(DATA TO PROCESS begins)

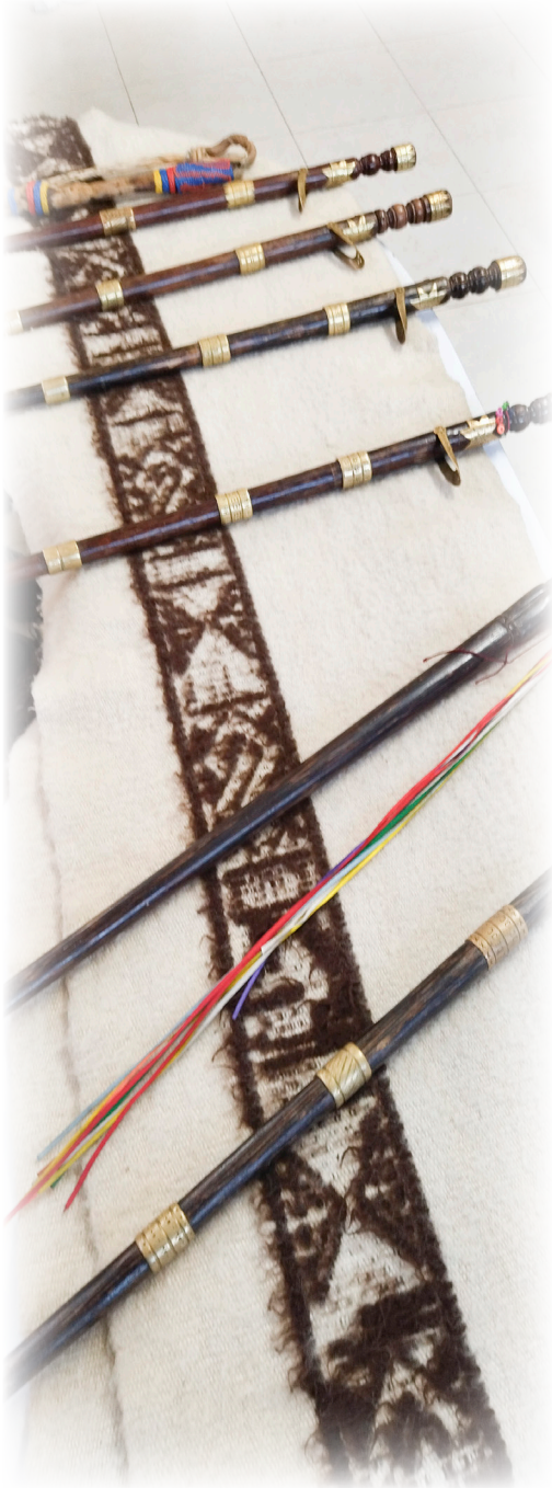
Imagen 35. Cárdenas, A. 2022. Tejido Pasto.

(DATA TO PROCESS ends)
(DATA TO PROCESS begins)

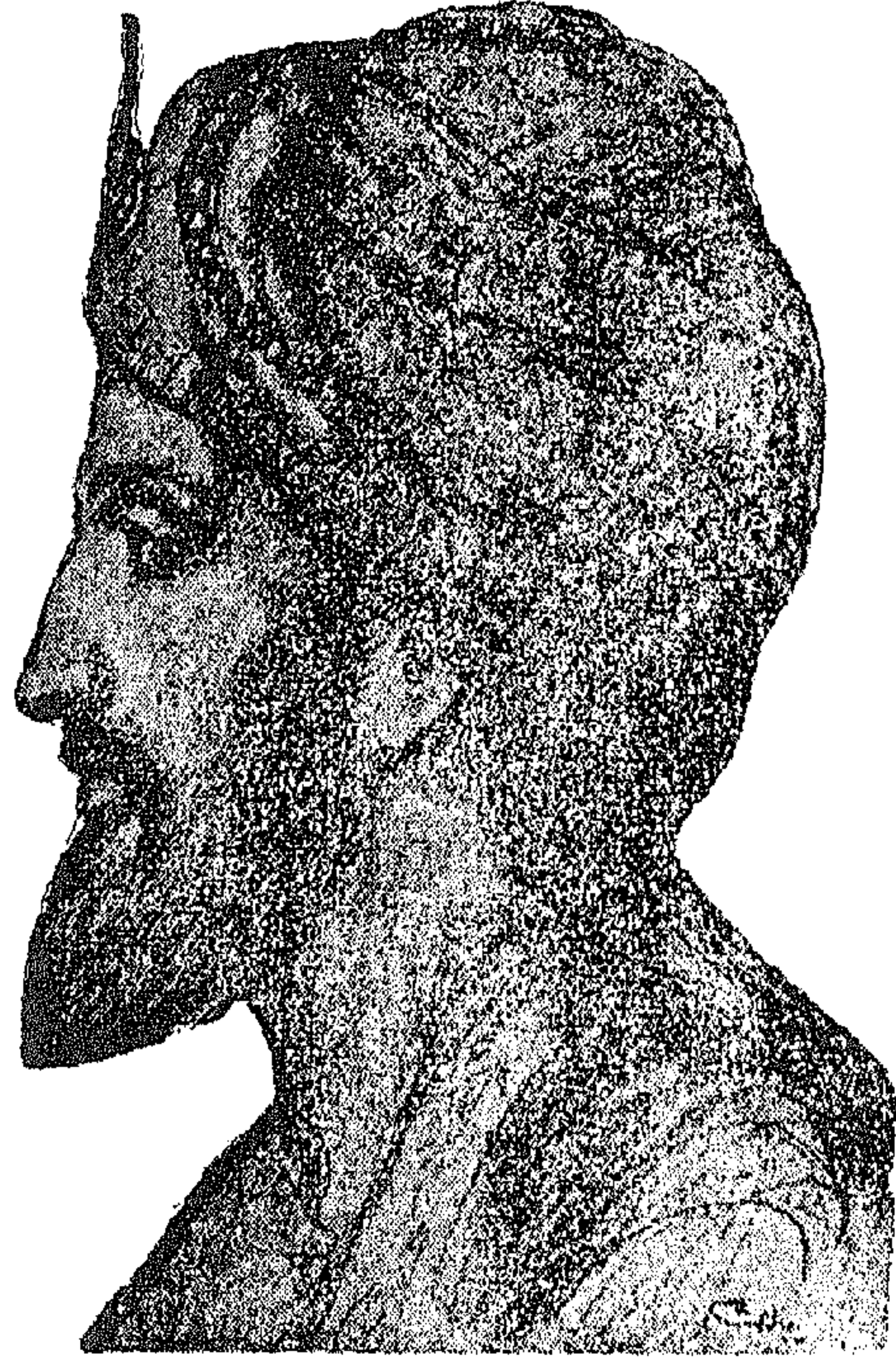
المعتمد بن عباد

(DATA TO PROCESS ends)
(DATA TO PROCESS begins)

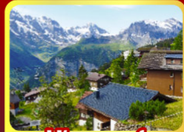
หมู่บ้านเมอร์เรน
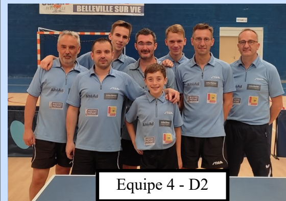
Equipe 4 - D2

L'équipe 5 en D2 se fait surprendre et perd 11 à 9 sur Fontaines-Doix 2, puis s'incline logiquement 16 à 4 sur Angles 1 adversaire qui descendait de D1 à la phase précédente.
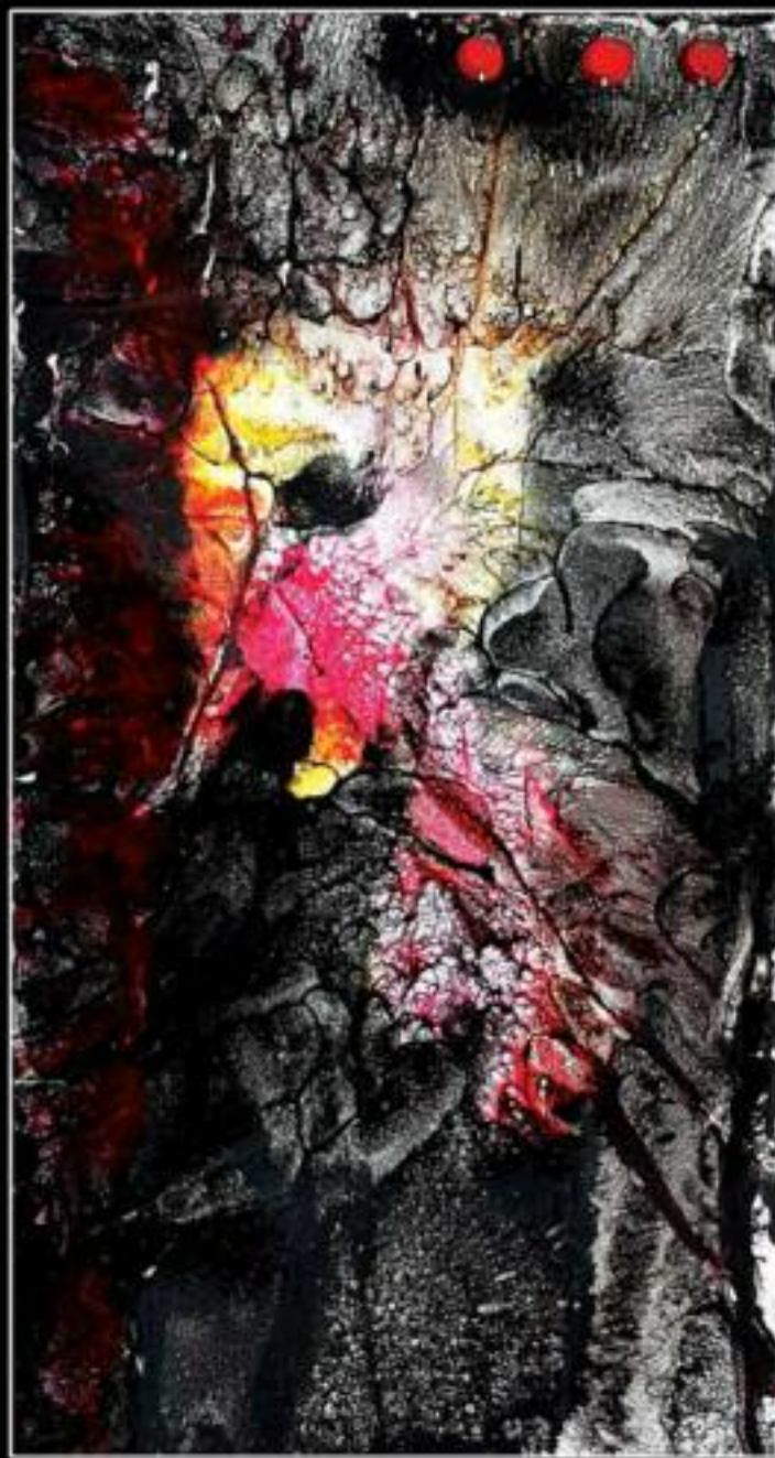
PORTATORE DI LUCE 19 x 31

(DATA TO PROCESS ends)

» **EXERCISE PROMPT**: Take only the lines above from the one that has "L'équipe 5 en" through the one that has "PORTATORE DI LUCE 19 x 31" and reproduce them exactly, omitting any pictures.

» **ANSWER BOX**:
L'équipe 5 en D2 se fait surprendre et perd 11 à 9 sur Fontaines-Doix 2, puis s'incline logiquement 16 à 4 sur Angles 1 adversaire qui descendait de D1 à la phase précédente.
PORTATORE DI LUCE 19 x 31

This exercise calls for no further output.